The “Arab spring” came to Egypt, but a winter gale hit Coptic Christians. Discrimination and violence have been problems for years. However, notes the Commission: “The Egyptian government has failed to protect religious minorities, particularly Coptic Christians, from violent attacks, including during the transitional period when minority communities are increasingly vulnerable.” The situation may further deteriorate as the nation moves through an uncertain political transition.

Iraq is freer without Saddam Hussein as dictator, but that also means Islamic extremists are much freer to attack religious minorities. Notes the USCIRF: “members of the country’s smallest religious minorities suffer from targeted violence, threats, and intimidation, against which the government does not provide effective protection.” Perhaps half of the original Christian community has fled the country. Few of these “Assyrian” Christians, whose ancestors predate the arrival of Islam, are likely to return.

Nigeria is another divided country. The northern Muslim majority provinces exploded into violence after the recent election of the Christian president, who took over when his Muslim predecessor died. Unfortunately, notes the Commission, “Years of inaction by Nigeria’s federal and state governments have created a climate of impunity, resulting in thousands of deaths.” The panel cites other concerns, including the expansion of sharia into criminal law and “discrimination against minority communities of Christians and Muslims.”

Pakistan is not yet a Muslim theocracy, but the public space for Christians and other religious minorities is closing rapidly. This state, says the USCIRF, “continues to be responsible for systematic, ongoing, and egregious violations of freedom of religion or belief.” A federal minister (Christian) and state governor (Muslim) were murdered earlier this year for opposing the blasphemy laws, which are routinely abused to victimize Christians and others. Indeed, the Commission warns, “Sectarian and religiously-motivated violence is chronic,” with perpetrators rarely punished for their crimes. Pakistan increasingly looks like an unstable bomb with a shrinking fuse.
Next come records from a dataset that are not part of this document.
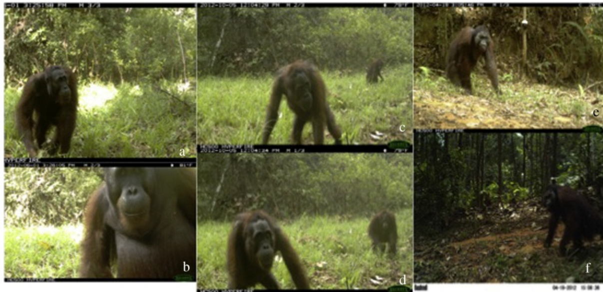
Figure 2a (top) and 2b (bottom). Two photos from one record of unflanged male.

We estimated SCR model parameters using Maximum Likelihood Estimation (MLE). To obtain the MLEs of the SCR model parameters it is necessary to prescribe a 2-dimensional region within which individual home range centers may exist. This region is called the state-space ( S ), and the population size parameter N corresponds to the number of individuals having home range centers within this region. While the population size is sensitive to the size and configuration of the state-space, the density of individuals, D , defined as N divided by the area of the state-space S , is invariant to the size of the state-space under standard SCR models (Royle et al., 2013; p. 132). For our analysis we defined the state-space by buffering the minimum area rectangle containing the sample locations by 7.5 km. The total area of this state-space is 568.8 km 2 . This buffer around the sample locations is at least 4 times the estimated value of \sigma .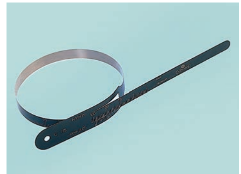
top: C-tape black C-tape with vernier 0,05

Black coated design: for maximum reading contrast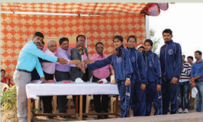
Annual Sports Meet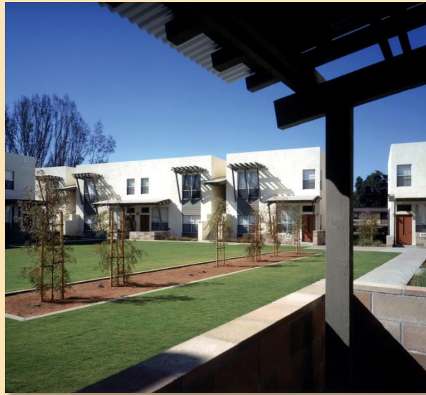
Orient to and Define Open Space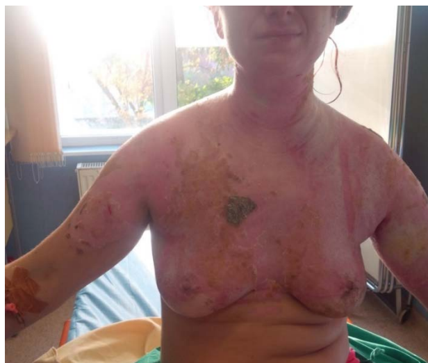
Fig. 14 Burns on the anterior thorax and upper limbs healed almost completely after 7 days of having Acticoat sheets applied on them. There were still some small areas like the one on which Acticoat was still adherent (anterior thorax), one on the left breast and the left upper arm, which were still in the process of healing, due to being probably of 2 nd B to 3 rd degree. The face was completely healed too after 4 days from applying Acticoat

The results were the following: on the fifth day, the face and ears were completely healed and the removal of the Acticoat sheets that had already detached themselves from the skin was started. The back side of the trunk and neck were ~ 95% healed with only a couple of small areas that were still healing (Fig. 14,15).

Turkmenistan is another Central Asian state which won its independence when the U.S.S.R. broke up. Despite some relaxation of controls after the death of the long-time dictator in 2007, notes the panel, “Police raids and other harassment of registered and unregistered religious groups continue.”

Vietnam remains avowedly Communist in politics despite Hanoi’s discovery of the market. Although shamed by its official designation as a CPC, the regime, explains the USCIRF, “continues to control religious communities, severely restrict and penalize independent religious practice, and brutally repress individuals and groups viewed as challenging its authority.” Activity by non-approved organizations is prohibited and the government mimics Islamic states in strongly discouraging conversion.

Unfortunately, these countries are not alone. The USCIRF placed another 11 nations on its Watch List, which is for “countries where the serious violations of religious freedom engaged in or tolerated by the governments do not meet the CPC threshold but require close monitoring.”

These discreditable states are: Afghanistan, Belarus, Cuba, India, Indonesia, Laos, Russia, Somalia, Tajikistan, Turkey, and Venezuela. Afghanistan, Indonesia, Somalia, and Turkey are Muslim. Belarus, Cuba, Laos, Russia, and Tajikistan are Communist/former Communist, with Venezuela a fellow traveler moving in a more authoritarian direction. India is the standout as a majority Hindu nation with frequent attacks on Muslims as well as Christians.

Many other nations actively persecute or tolerate private intimidation and violence, just not as egregiously. Even in Canada and Europe both left-wing political correctness and fear of retaliation by Islamic extremists have begun to limit the freedom of Christians to proselytize and preach. France has banned women from wearing the burqa.

The freedom to believe, or not believe, in God and respond accordingly—as individuals, families, and communities—is precious. Sadly, much of humankind is denied this most fundamental right.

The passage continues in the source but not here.